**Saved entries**
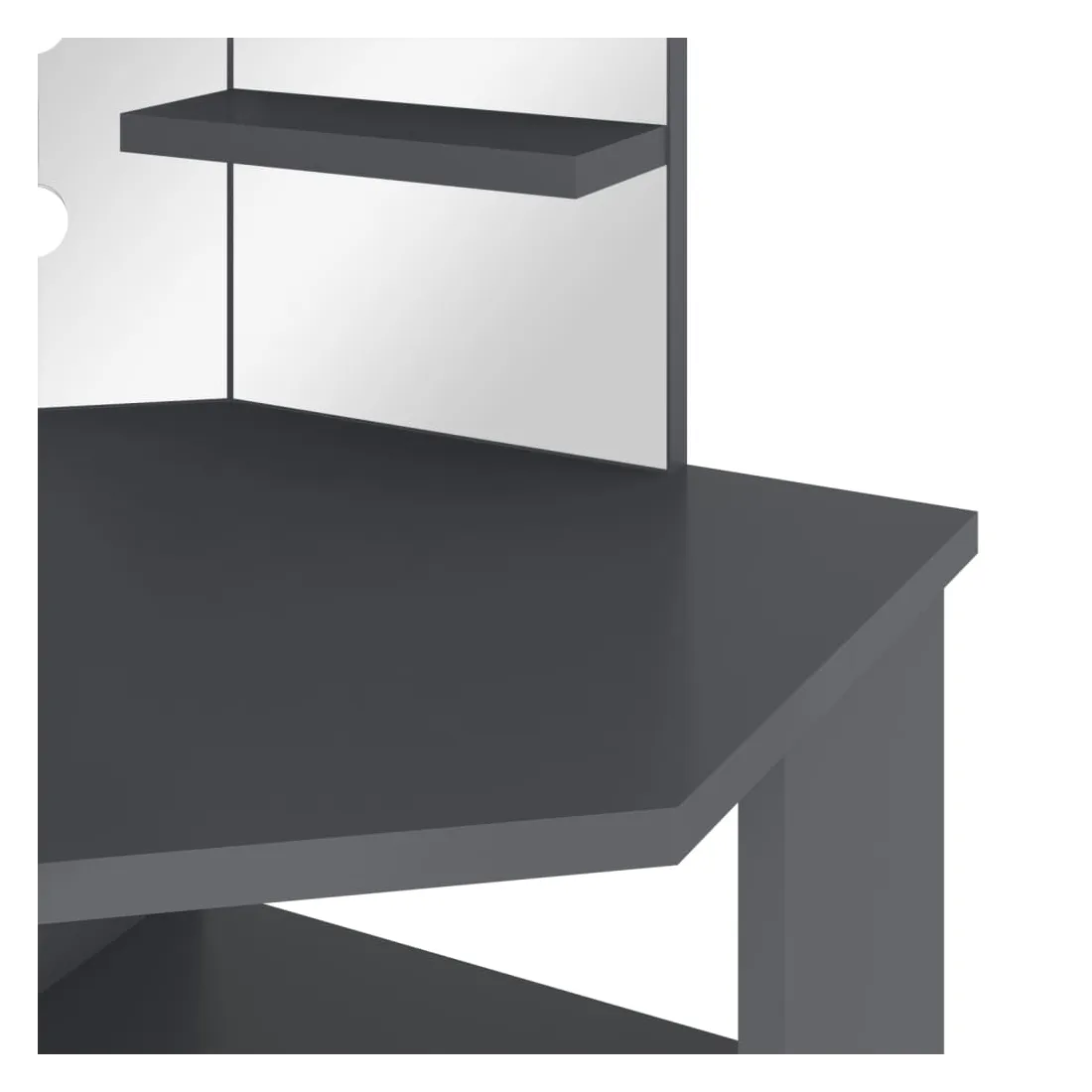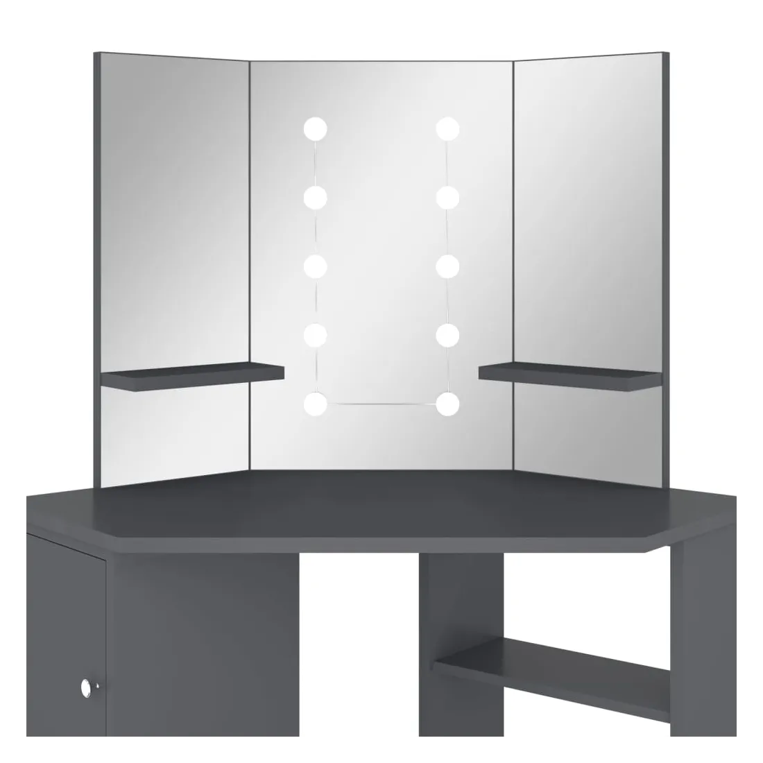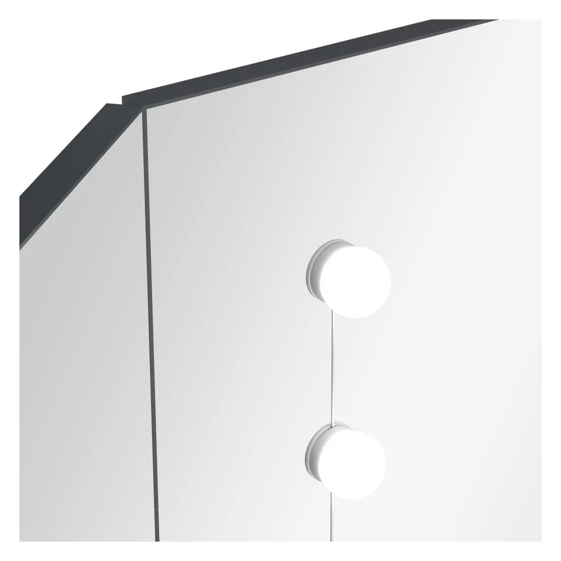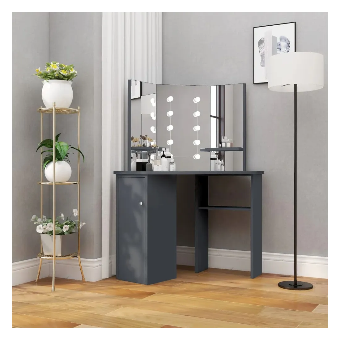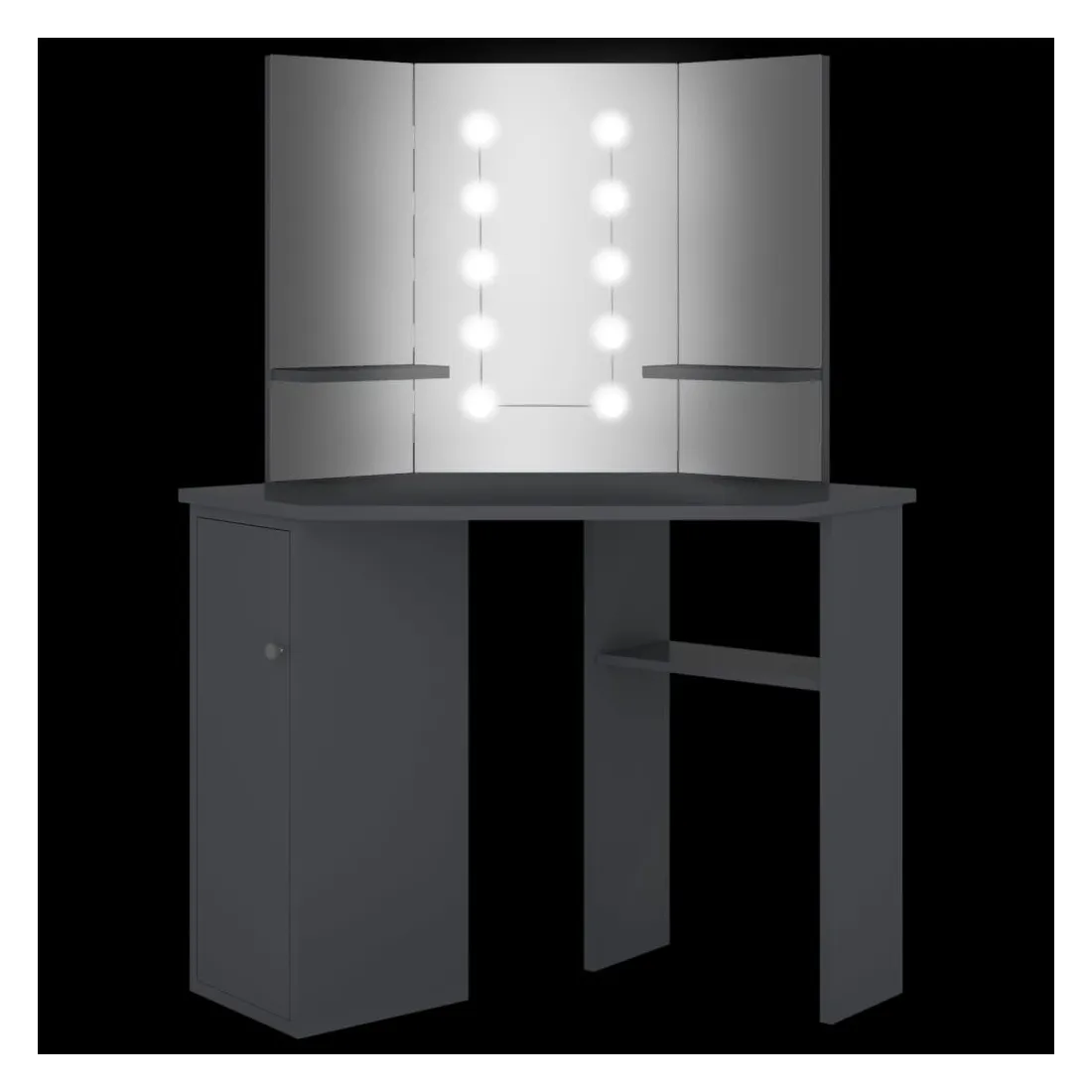 Faites votre routine matinale avec style avec cette coiffeuse élégante ! Cette coiffeuse, fabriquée à partir de MDF de qualité, présente une forme élégante et concise avec un style moderne. Elle est conçue pour s'intégrer parfaitement dans un coin tout en offrant beaucoup de rangement dans un petit espace ! Un casier large et une étagère ouverte sous la table offrent une place pour les articles de maquillage et gardent tout à sa place, face sur le côté pour un accès facile lorsque vous êtes assise à la table. De plus, un magnifique miroir à 3 panneaux offre une vue sur 3 côtés pour l'application du maquillage et ajoute une touche élégante au dessus de la table. Des étagères inférieures sont ajoutées aux deux panneaux latéraux pour les tasses, les pinceaux de maquillage, les crèmes et les lotions, les parfums et les objets de décoration. Les ampoules LED élégantes éclairent votre beauté également. Remarque : ce produit est doté d'un connecteur USB, mais la source d'alimentation certifiée de USB 5V n'est pas incluse.
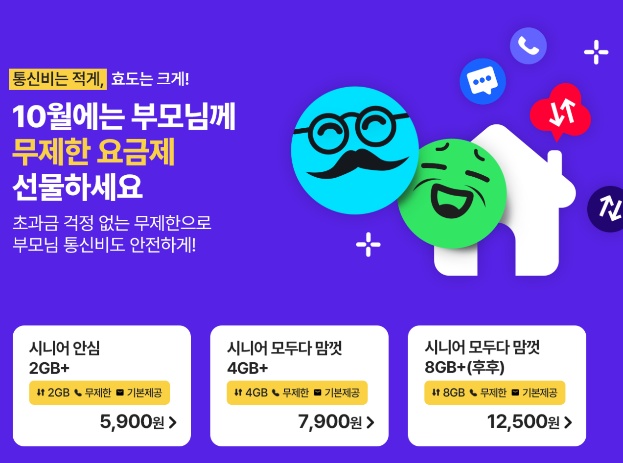 * 시니어 요금제는 만 65세 이상 고객만 가입이 가능한 상품입니다.
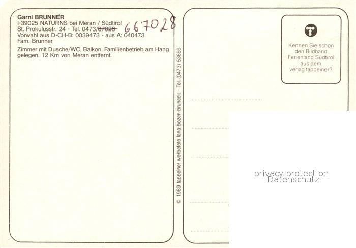 Naturns Garni Brunner Gaststube Gaestezimmer postalisch nicht gelaufen Erhaltung siehe scans [WerneD78]
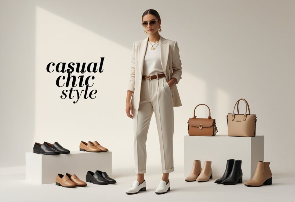 Elevating your outfit often comes down to the “third piece” rule—adding an element that transforms a simple combination into a complete ensemble. This could be a structured tote, a statement belt, a lightweight scarf, or layered jewelry. Footwear also plays a crucial role; classic white sneakers, sleek loafers, or minimalist ankle boots can maintain comfort while adding a touch of refinement. Remember, accessories should complement, not overwhelm. casual chic style
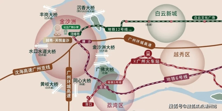 项目距离地铁6号线浔峰岗站约2.5公里,如果需要地铁出行的基本就不太现实,广州地铁12号线已经通车,不仅能缓解6号线金沙洲段严重拥挤的问题,还能大大缩短金沙洲到白云新城的通勤时间。

**TRY IT**
In repeating the lines above, keep the wording exact and leave every picture out.

**RESPONSE AREA**
 Faites votre routine matinale avec style avec cette coiffeuse élégante ! Cette coiffeuse, fabriquée à partir de MDF de qualité, présente une forme élégante et concise avec un style moderne. Elle est conçue pour s'intégrer parfaitement dans un coin tout en offrant beaucoup de rangement dans un petit espace ! Un casier large et une étagère ouverte sous la table offrent une place pour les articles de maquillage et gardent tout à sa place, face sur le côté pour un accès facile lorsque vous êtes assise à la table. De plus, un magnifique miroir à 3 panneaux offre une vue sur 3 côtés pour l'application du maquillage et ajoute une touche élégante au dessus de la table. Des étagères inférieures sont ajoutées aux deux panneaux latéraux pour les tasses, les pinceaux de maquillage, les crèmes et les lotions, les parfums et les objets de décoration. Les ampoules LED élégantes éclairent votre beauté également. Remarque : ce produit est doté d'un connecteur USB, mais la source d'alimentation certifiée de USB 5V n'est pas incluse.
 * 시니어 요금제는 만 65세 이상 고객만 가입이 가능한 상품입니다.
 Naturns Garni Brunner Gaststube Gaestezimmer postalisch nicht gelaufen Erhaltung siehe scans [WerneD78]
 Elevating your outfit often comes down to the “third piece” rule—adding an element that transforms a simple combination into a complete ensemble. This could be a structured tote, a statement belt, a lightweight scarf, or layered jewelry. Footwear also plays a crucial role; classic white sneakers, sleek loafers, or minimalist ankle boots can maintain comfort while adding a touch of refinement. Remember, accessories should complement, not overwhelm. casual chic style
 项目距离地铁6号线浔峰岗站约2.5公里,如果需要地铁出行的基本就不太现实,广州地铁12号线已经通车,不仅能缓解6号线金沙洲段严重拥挤的问题,还能大大缩短金沙洲到白云新城的通勤时间。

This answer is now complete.